Helping My Pre-school Child
Most pre-school children are fascinated by books, sounds and letters and parents are keen to support and encourage this. However, many people are unsure about how children will be taught to read in schools (It’s not like it was in our day.) and are concerned that they don't want to do anything that may confuse or disadvantage their children in any way.
Don't worry. Anything that you do to develop your child’s love of language is a good thing. If you are looking for specific ideas, there are lots of starting points here.
There is no need to try to teach children phonics before they start school. However there is lots that you can do as a parent to help them be really ready for phonics when they do start school. In a nutshell: read lots of books, listen to all kind of sounds, make all kinds of sounds and talk about all kinds of sounds.
Phase 1 is all about developing these pre-phonics skills. There are many ideas below for developing these skills at home. None of these need to be planned or formal or a big deal. They are just little things that can be added into everyday play with your child.
Being aware of sounds all around us
Toy sounds When your child is playing with their toys encourage them to make the right sounds. Farm animals, train sets, vehicles, dolls etc are great for this. Help your child to notice these sounds around and about. E.g. Listen to the sound that cars, trucks and fire engines make in the street. Practise making these noises, then use them with car, truck and fire engine toys.
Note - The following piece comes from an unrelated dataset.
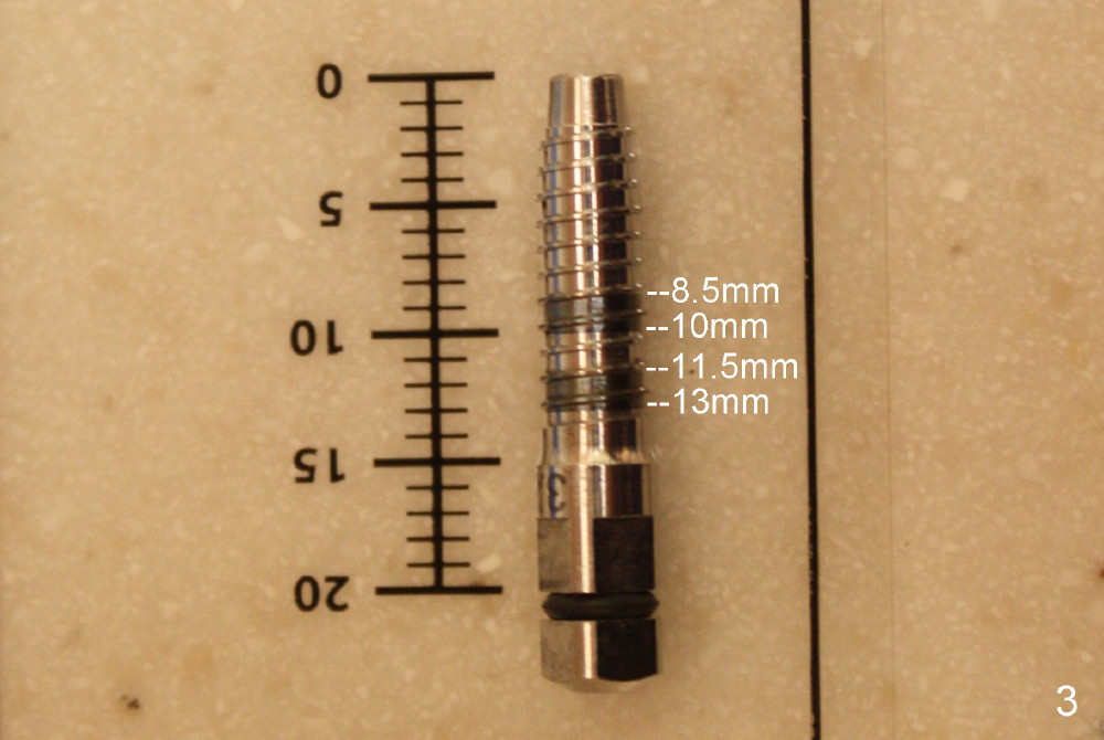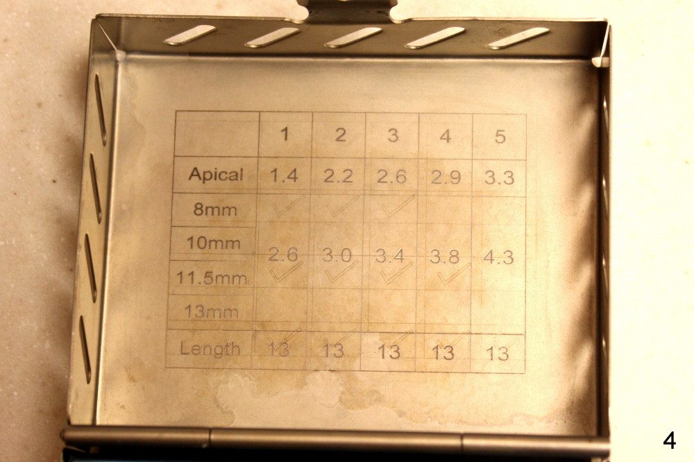 The apical end of each expander is flat and smooth, which is suitable for sinus lift (Fig.3). The first line of the first black band is 8.5 mm. The second line of the first black band is 10 mm. The first line of the second black line is 11.5 mm, while the second line of the second black band is 13 mm. It is important to know these marks to control the depth of bone expansion and sinus elevation.

Big ears Cup your hands around your ears and listen to sounds all around. Talk about what sounds you can hear. Try doing this in the house, in the street, on a bus (if you don't feel too silly), in the park, on the beach etc. Talk about the sounds: Are they loud or quiet? Are they short or long? Can you make a similar sound with your voice?
Experiment with musical instruments
Shake it all about - Make simple shakers by filling plastic bottles or tubs with rice, pasta, pebbles etc. Play with them and talk about the sounds that they make. Are the sounds soft, sharp, smooth, jiggly, scratchy?
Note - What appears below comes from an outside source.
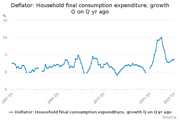 Download this time seriesDeflator: Household final consumption expenditure, growth Q on Q yr ago

Tap it out - Use the shakers above or use drums (pots and pans and wooden spoons are perfect) to play along with songs, rhymes and the radio. Try making the loudest sounds that you can then the quietest sounds that you can. Tap out simple rhythms. Can your child repeat the rhythm back to you?
Interesting instruments- If you see or hear instruments being played either in real life or on TV, talk about the sounds that the instrument makes. Which instruments does your child like the sound of best? Can they tell you why? Can they imitate the sound with their voice?
Making sounds with our bodies
Song time- I couldn't remember the words of any toddler songs or rhymes when I first became a mum (I used to sing football chants instead to start with) but there are great books and CDs to get you started and it’s amazing how much will come flooding back to you from your own childhood. Encourage children to use their bodies to make sounds to go along with their singing stamping, clapping, patting knees etc.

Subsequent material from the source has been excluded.